In einem anderen Winkel der Halle scheint trotz Windstille Gianni Mottis lebensgroße Replik der US-Flagge vom Mond zu wehen und erinnert an das "Space Race" zwischen Ost und West. Und so finden sich daher auf der anderen Hemisphäre des White Cube auch Devotionalien zu Gagarin: Plaketten, Büsten, Zeitungsausschnitte und allerlei Krimskrams, die Walter Famler zusammenstellte. Famler, Ideengeber der Ausstellung, ist Gründer - und wie er sagt "Kommandant" - der Bewegung "Kocmoc/Gruppe Gagarin", die das Andenken an den ersten Menschen im Weltall hochhält. Vier Arbeiten in vier Ecken, die das faszinierende Thema wie ein Himmelszelt aufspannen. Dazwischen widmen sich knapp 50 weitere Künstler den unendlichen Weiten des Kosmos. Neun sich nahtlos aneinanderfügende Kapitel (und ein umfangreiches Begleitprogramm) illustrieren den symbolisch aufgeladenen Raum.

Realität toppt Kunst

Von der "technologischen" bis zur "utopischen Perspektive" reicht die Mission, die viele bildgewaltige Ausstellungsstücke parat hat - darunter Mariko Mori als dreidimensionale Kosmo-Queen; oder die ironischen Alien-Narrationen des russischen Duos Dubossarsky und Vinogradov - in grellbunter Pop-Ästhetik. Freilich fehlen auch die Warhol'schen Moonwalker nicht. Aber gerade die unauffälligeren, weniger mit dem Reiz des Visuellen spielenden Werke beeindrucken nachhaltig: subtile Filme wie jene von Basim Magdy, Jen Liu oder Deimantas Narkevièius. Womöglich, weil in Bezug auf den Kosmos die Realität atemberaubender ist als jede künstlerische Idee. Daran erinnern auch die Sternbilder aus dem Schmidt-Teleskop, denen Thomas Ruff zu ikonenhafter Wirkung verhalf.

Schön die sich auftuenden Hörwelten: angefangen bei der Musik von Sun Ra bis Brian Eno über Virginie Yassefs Collage extraterrestrischer Sounds aus Filmen wie Mission to Mars oder Abyss.

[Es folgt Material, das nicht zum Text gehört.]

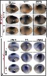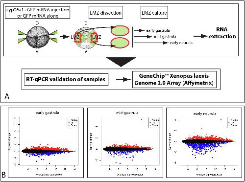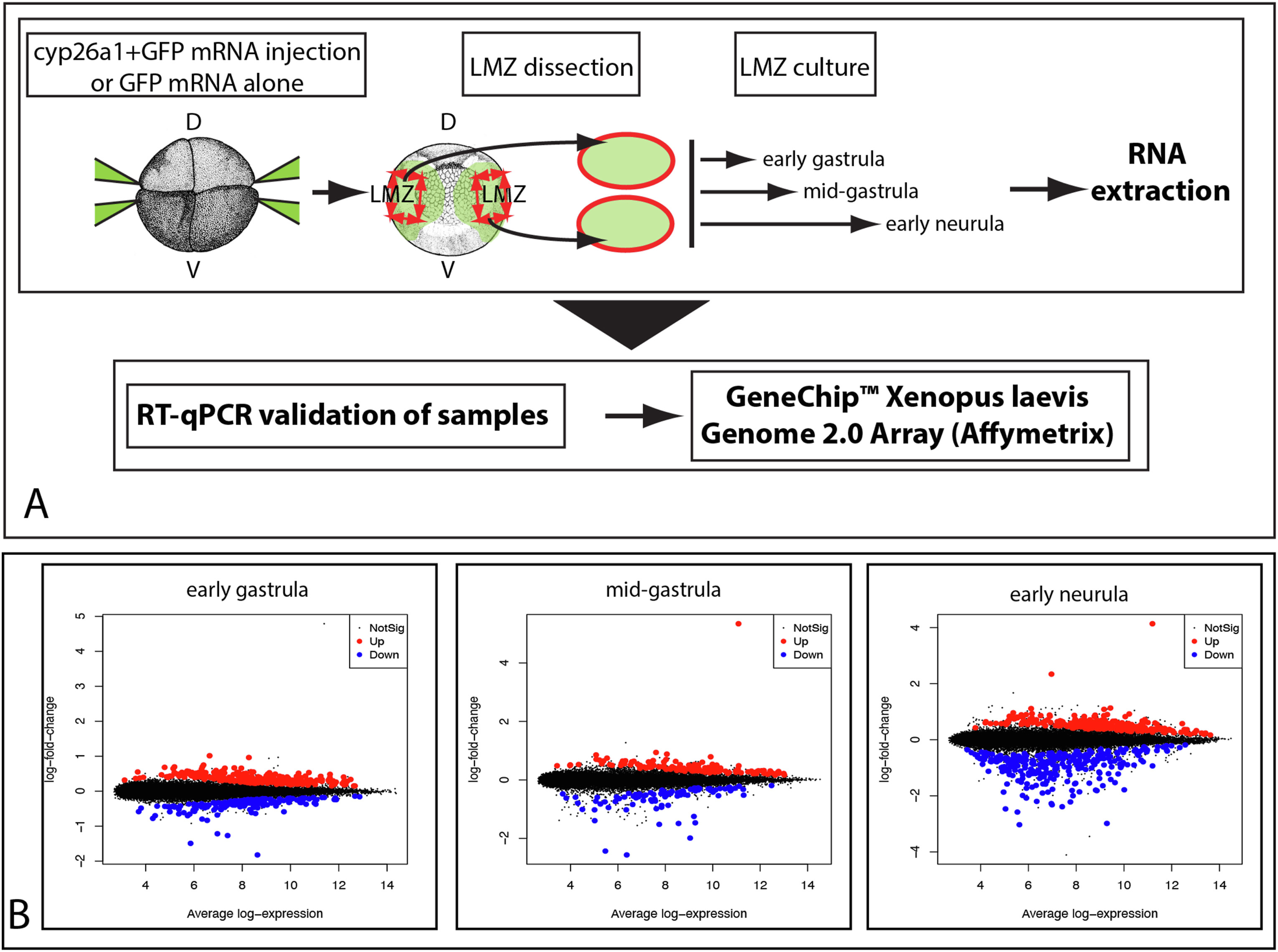 Fig. 1. Transcriptomic profiling of RA target genes in lateralmesoderm. A. Experimental workflow. LMZ explants are dissected at early gastrula stage from embryos previously injected with cyp26a1 and GFP mRNA (disruption of RA signaling), or GFP mRNA alone (control). Profiling is performed with batches of explants cultured until early gastrula, mid-gastrula or early neurula stages. B. Overview of DE analysis. Mean-difference plots of log-intensity ratios (differences) versus log-intensity averages (means) of Affymetrix probe sets at early gastrula, mid-gastrula or early neurula stages. Black dots correspond to probe sets with fdr >0.05, and thus excluded from DE analysis. Dots highlighted with blue correspond to probe sets whose expression is down-regulated upon RA disruption (RA-positive targets). Dots highlighted with red are probe sets whose expression is up-regulated upon RA disruption (RA-negative targets).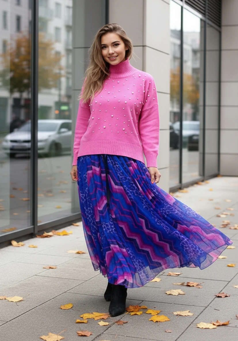 Weiter Maxi-Rock aus Tüll mit feinen Faltendetails und transparentem Oberstoff im Zic-Zac-Muster. Der Gummizugbund mit Zier-Bändchen sorgt für bequemen Sitz und verspielten Akzent. Luftig, elegant und perfekt für feminine Looks.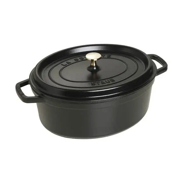 Cocotten – eller stegesoen – fra Staub er en smart multifunktionel gryde. Brug den til simremaden på komfuret – eller smid den i ovnen med en lækker steg i. Låget er lavet i et helt særligt design, hvor knopperne indfanger vanddråberne og fordeler dem helt jævnt over din ret som en slags nedbørseffekt.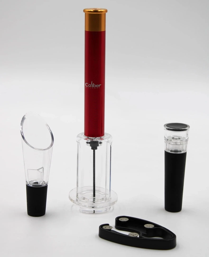 A unique air pump wine bottle opener.  Aluminum alloy body, strength ABS cover, teflon needle surface treated with food grade, strong, resistant to corrosion; Cordless and lightweight design wine opener, easy to take along; No power needed, so open anywhere while camping or traveling.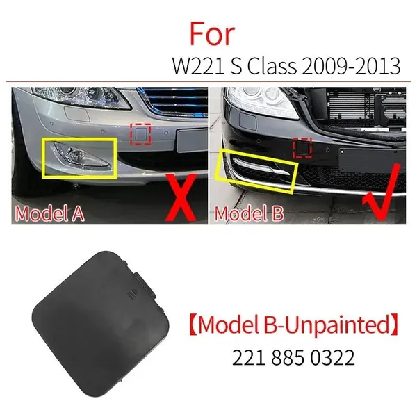 Compatible With Mercedes S Class W221 2005-2014 Front Bumper Trailer Tow Towing Hook Hole Cover 2218850322 Unpainted Model B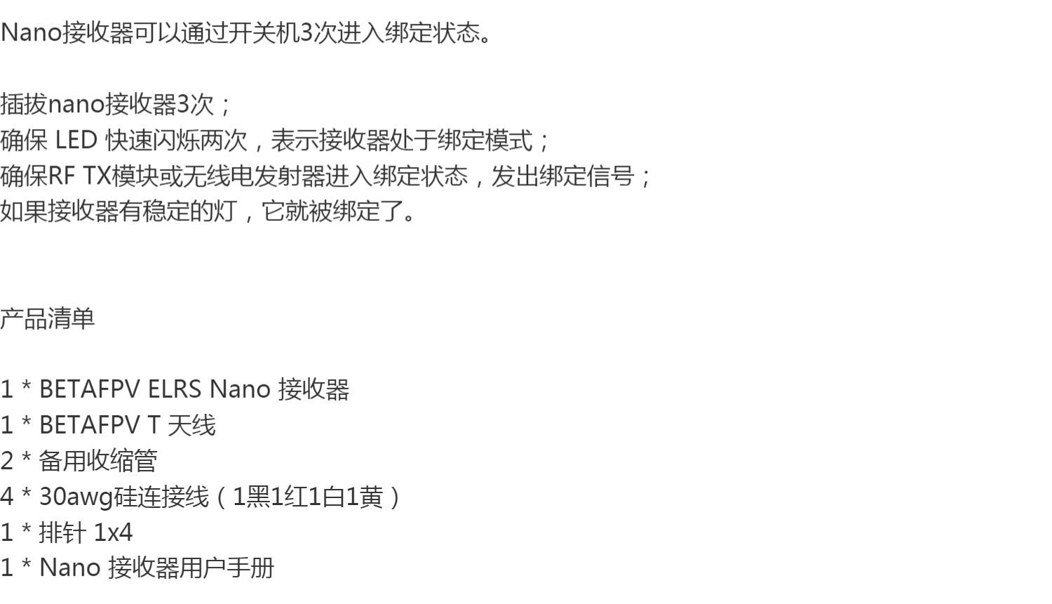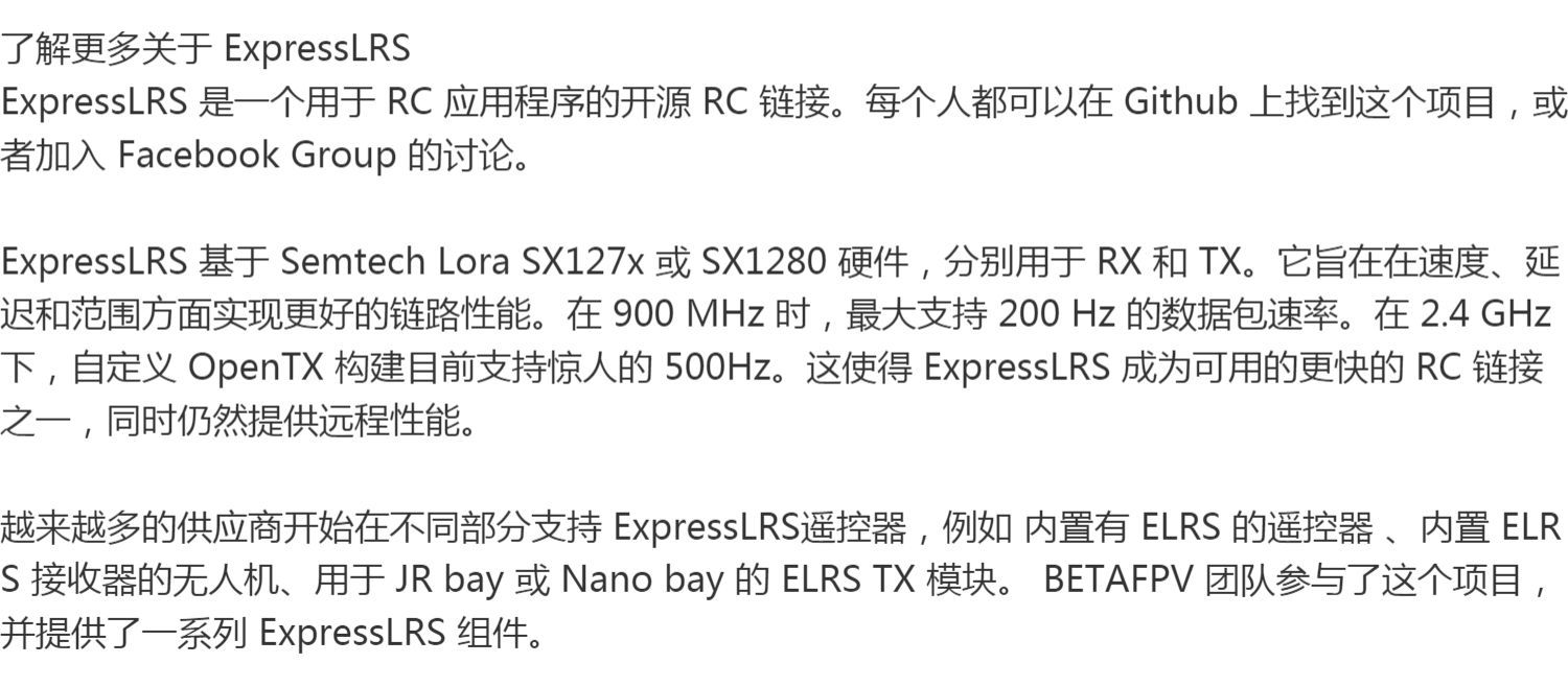 BETAFPV Nano 接收器基于 ExpressLRS 项目,RC 应用程序的开源 RC 链接。 ExpressLRS 旨在在速度、延迟和范围方面实现更好的链路性能。 这使得 ExpressLRS 成为可用的更快的 RC 链接之一,同时仍然提供远程性能。

Beim legendären Hörspiel War of the Worlds, das 1938 eine Massenpanik auslöste, fehlt nur noch das Sofa zum besten Genuss. Ein 1899 aufgeschlagener Meteorit und eine Installation Nives Widauers leiten über zum Kooperationspartner Naturhistorisches Museum: Weitere vier Kunstwerke drohen dort im musealen Kontext nahezu unterzugehen. (Anne Katrin Feßler / DER STANDARD, Printausgabe, 1.4.2011)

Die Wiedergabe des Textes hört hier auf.